**Dataset extract**
>>

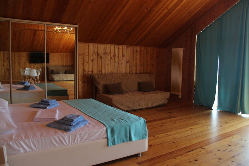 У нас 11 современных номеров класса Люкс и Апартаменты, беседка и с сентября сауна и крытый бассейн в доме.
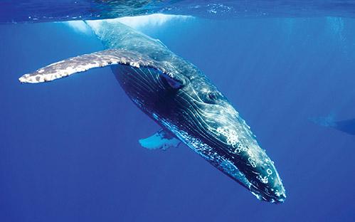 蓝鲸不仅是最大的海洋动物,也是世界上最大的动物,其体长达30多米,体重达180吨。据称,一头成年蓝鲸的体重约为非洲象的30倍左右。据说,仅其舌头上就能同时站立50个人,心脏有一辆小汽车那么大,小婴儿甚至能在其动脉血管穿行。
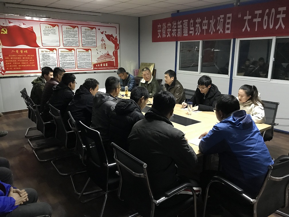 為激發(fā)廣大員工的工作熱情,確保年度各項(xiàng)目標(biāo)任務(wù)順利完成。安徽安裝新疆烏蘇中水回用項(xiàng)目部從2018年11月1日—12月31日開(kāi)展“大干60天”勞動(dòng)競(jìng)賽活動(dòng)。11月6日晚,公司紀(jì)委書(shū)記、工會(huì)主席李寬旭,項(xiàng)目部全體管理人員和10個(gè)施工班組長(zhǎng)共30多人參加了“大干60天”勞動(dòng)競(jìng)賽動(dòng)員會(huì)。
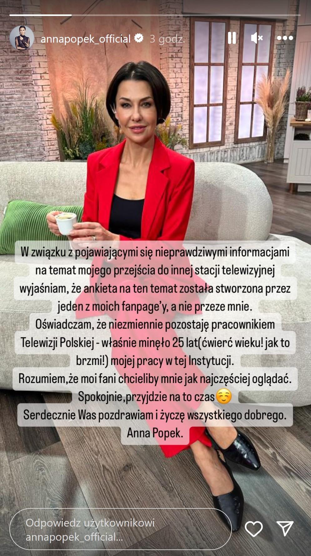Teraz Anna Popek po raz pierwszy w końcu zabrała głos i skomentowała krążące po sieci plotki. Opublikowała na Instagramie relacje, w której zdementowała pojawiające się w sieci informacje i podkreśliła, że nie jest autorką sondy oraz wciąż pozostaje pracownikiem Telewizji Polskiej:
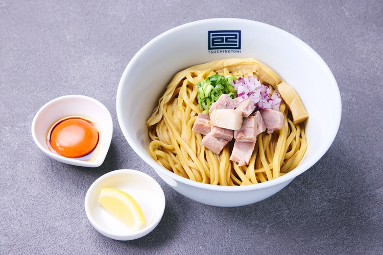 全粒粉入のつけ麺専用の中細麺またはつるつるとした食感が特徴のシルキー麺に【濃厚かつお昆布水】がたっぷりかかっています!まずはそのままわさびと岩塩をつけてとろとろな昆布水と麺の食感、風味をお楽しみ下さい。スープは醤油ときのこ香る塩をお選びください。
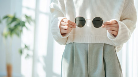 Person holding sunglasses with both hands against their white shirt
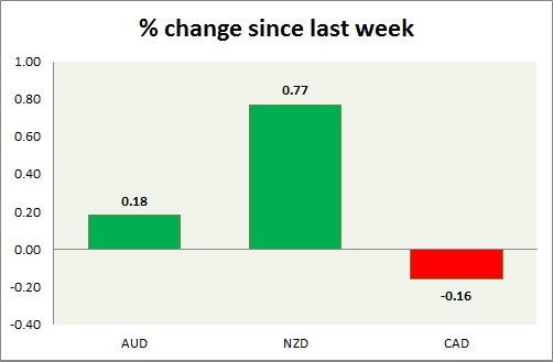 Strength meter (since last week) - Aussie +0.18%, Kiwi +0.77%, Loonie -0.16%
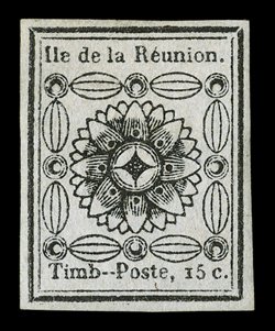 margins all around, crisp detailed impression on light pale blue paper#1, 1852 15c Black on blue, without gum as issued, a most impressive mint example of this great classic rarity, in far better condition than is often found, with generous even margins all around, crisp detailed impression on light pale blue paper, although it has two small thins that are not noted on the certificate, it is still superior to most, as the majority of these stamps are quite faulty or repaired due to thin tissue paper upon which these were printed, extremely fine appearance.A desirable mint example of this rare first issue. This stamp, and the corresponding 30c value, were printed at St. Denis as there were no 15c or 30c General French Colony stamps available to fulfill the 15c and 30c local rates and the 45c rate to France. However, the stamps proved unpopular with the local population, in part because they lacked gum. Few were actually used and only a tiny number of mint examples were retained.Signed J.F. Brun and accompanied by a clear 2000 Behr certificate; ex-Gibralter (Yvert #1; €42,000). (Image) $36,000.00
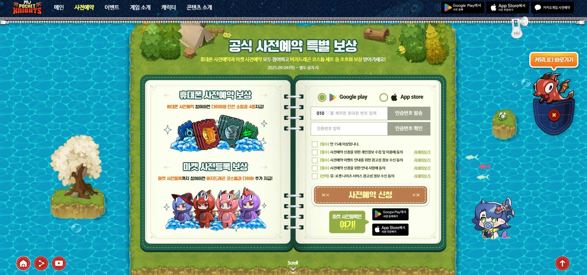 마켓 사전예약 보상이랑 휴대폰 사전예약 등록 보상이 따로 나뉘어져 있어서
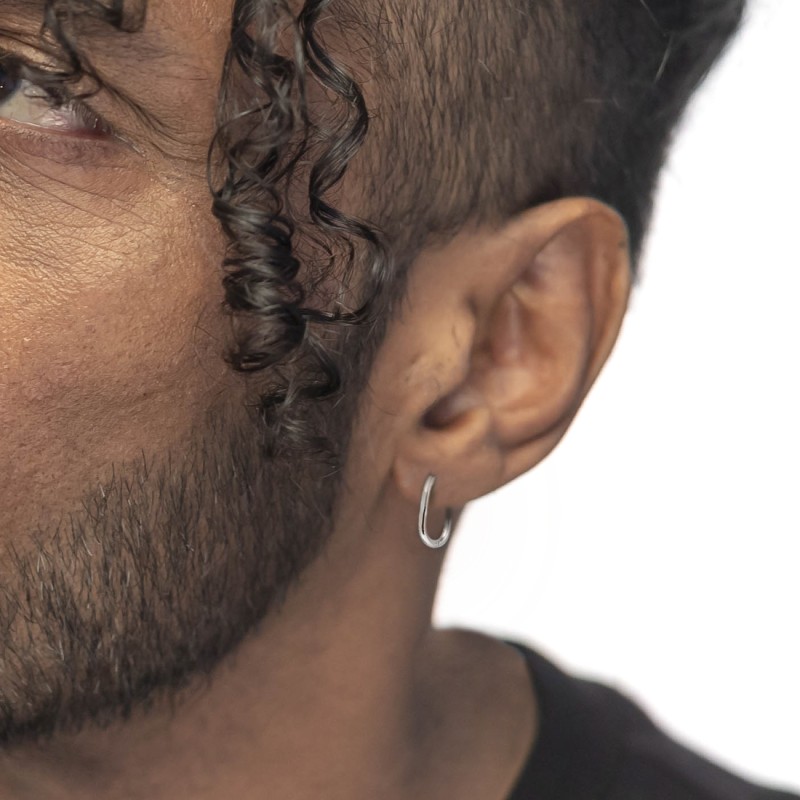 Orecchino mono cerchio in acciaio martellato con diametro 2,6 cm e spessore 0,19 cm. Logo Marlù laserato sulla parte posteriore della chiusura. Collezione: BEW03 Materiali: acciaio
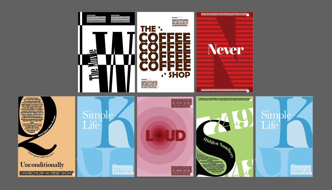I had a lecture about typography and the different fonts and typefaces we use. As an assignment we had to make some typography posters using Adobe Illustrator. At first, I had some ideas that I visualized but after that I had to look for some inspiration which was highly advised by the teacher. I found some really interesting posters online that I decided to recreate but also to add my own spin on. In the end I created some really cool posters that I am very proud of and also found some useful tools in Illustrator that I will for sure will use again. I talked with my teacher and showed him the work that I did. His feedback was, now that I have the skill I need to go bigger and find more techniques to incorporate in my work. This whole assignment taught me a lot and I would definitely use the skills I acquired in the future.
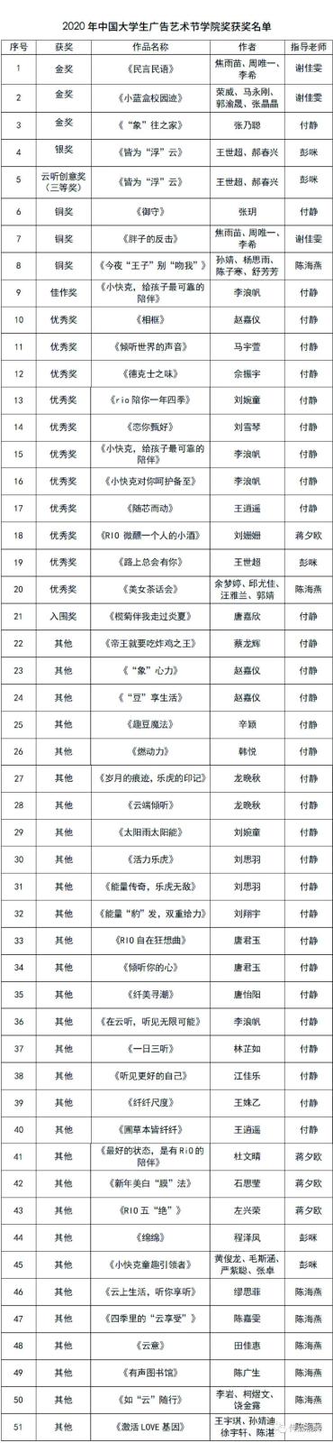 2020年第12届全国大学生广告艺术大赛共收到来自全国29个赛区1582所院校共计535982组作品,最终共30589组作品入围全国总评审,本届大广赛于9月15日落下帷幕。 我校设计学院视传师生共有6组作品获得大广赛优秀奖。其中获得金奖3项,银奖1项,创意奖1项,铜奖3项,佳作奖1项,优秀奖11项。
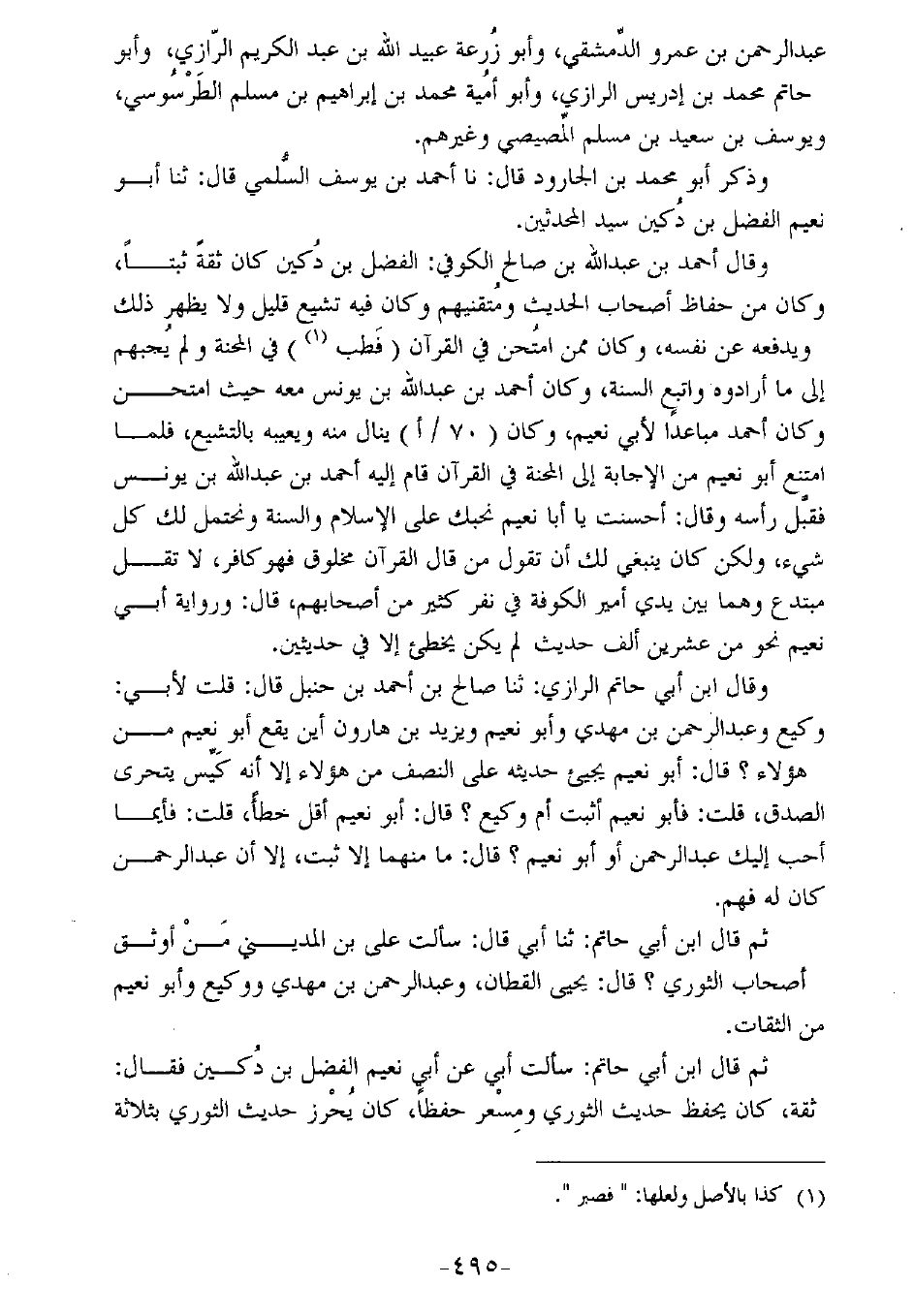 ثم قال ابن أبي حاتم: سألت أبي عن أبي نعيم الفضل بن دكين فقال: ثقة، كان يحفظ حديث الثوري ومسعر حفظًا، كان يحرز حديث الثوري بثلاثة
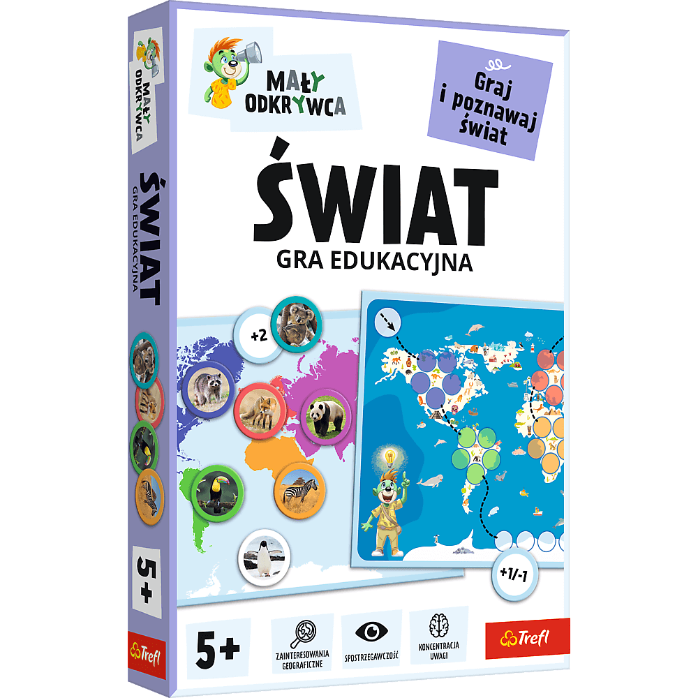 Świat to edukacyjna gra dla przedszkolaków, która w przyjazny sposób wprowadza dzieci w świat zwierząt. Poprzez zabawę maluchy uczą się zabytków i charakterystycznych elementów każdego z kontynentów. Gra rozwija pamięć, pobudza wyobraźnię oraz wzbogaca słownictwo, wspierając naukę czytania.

<<

**Requirement**
The expected result is the material restated word for word, minus any picture.

**Result of the task**
 У нас 11 современных номеров класса Люкс и Апартаменты, беседка и с сентября сауна и крытый бассейн в доме.
 蓝鲸不仅是最大的海洋动物,也是世界上最大的动物,其体长达30多米,体重达180吨。据称,一头成年蓝鲸的体重约为非洲象的30倍左右。据说,仅其舌头上就能同时站立50个人,心脏有一辆小汽车那么大,小婴儿甚至能在其动脉血管穿行。
 為激發(fā)廣大員工的工作熱情,確保年度各項(xiàng)目標(biāo)任務(wù)順利完成。安徽安裝新疆烏蘇中水回用項(xiàng)目部從2018年11月1日—12月31日開(kāi)展“大干60天”勞動(dòng)競(jìng)賽活動(dòng)。11月6日晚,公司紀(jì)委書(shū)記、工會(huì)主席李寬旭,項(xiàng)目部全體管理人員和10個(gè)施工班組長(zhǎng)共30多人參加了“大干60天”勞動(dòng)競(jìng)賽動(dòng)員會(huì)。
Teraz Anna Popek po raz pierwszy w końcu zabrała głos i skomentowała krążące po sieci plotki. Opublikowała na Instagramie relacje, w której zdementowała pojawiające się w sieci informacje i podkreśliła, że nie jest autorką sondy oraz wciąż pozostaje pracownikiem Telewizji Polskiej:
 全粒粉入のつけ麺専用の中細麺またはつるつるとした食感が特徴のシルキー麺に【濃厚かつお昆布水】がたっぷりかかっています!まずはそのままわさびと岩塩をつけてとろとろな昆布水と麺の食感、風味をお楽しみ下さい。スープは醤油ときのこ香る塩をお選びください。
 Person holding sunglasses with both hands against their white shirt
 Strength meter (since last week) - Aussie +0.18%, Kiwi +0.77%, Loonie -0.16%
 margins all around, crisp detailed impression on light pale blue paper#1, 1852 15c Black on blue, without gum as issued, a most impressive mint example of this great classic rarity, in far better condition than is often found, with generous even margins all around, crisp detailed impression on light pale blue paper, although it has two small thins that are not noted on the certificate, it is still superior to most, as the majority of these stamps are quite faulty or repaired due to thin tissue paper upon which these were printed, extremely fine appearance.A desirable mint example of this rare first issue. This stamp, and the corresponding 30c value, were printed at St. Denis as there were no 15c or 30c General French Colony stamps available to fulfill the 15c and 30c local rates and the 45c rate to France. However, the stamps proved unpopular with the local population, in part because they lacked gum. Few were actually used and only a tiny number of mint examples were retained.Signed J.F. Brun and accompanied by a clear 2000 Behr certificate; ex-Gibralter (Yvert #1; €42,000). (Image) $36,000.00
 마켓 사전예약 보상이랑 휴대폰 사전예약 등록 보상이 따로 나뉘어져 있어서
 Orecchino mono cerchio in acciaio martellato con diametro 2,6 cm e spessore 0,19 cm. Logo Marlù laserato sulla parte posteriore della chiusura. Collezione: BEW03 Materiali: acciaio
I had a lecture about typography and the different fonts and typefaces we use. As an assignment we had to make some typography posters using Adobe Illustrator. At first, I had some ideas that I visualized but after that I had to look for some inspiration which was highly advised by the teacher. I found some really interesting posters online that I decided to recreate but also to add my own spin on. In the end I created some really cool posters that I am very proud of and also found some useful tools in Illustrator that I will for sure will use again. I talked with my teacher and showed him the work that I did. His feedback was, now that I have the skill I need to go bigger and find more techniques to incorporate in my work. This whole assignment taught me a lot and I would definitely use the skills I acquired in the future.
 2020年第12届全国大学生广告艺术大赛共收到来自全国29个赛区1582所院校共计535982组作品,最终共30589组作品入围全国总评审,本届大广赛于9月15日落下帷幕。 我校设计学院视传师生共有6组作品获得大广赛优秀奖。其中获得金奖3项,银奖1项,创意奖1项,铜奖3项,佳作奖1项,优秀奖11项。
 ثم قال ابن أبي حاتم: سألت أبي عن أبي نعيم الفضل بن دكين فقال: ثقة، كان يحفظ حديث الثوري ومسعر حفظًا، كان يحرز حديث الثوري بثلاثة
 Świat to edukacyjna gra dla przedszkolaków, która w przyjazny sposób wprowadza dzieci w świat zwierząt. Poprzez zabawę maluchy uczą się zabytków i charakterystycznych elementów każdego z kontynentów. Gra rozwija pamięć, pobudza wyobraźnię oraz wzbogaca słownictwo, wspierając naukę czytania.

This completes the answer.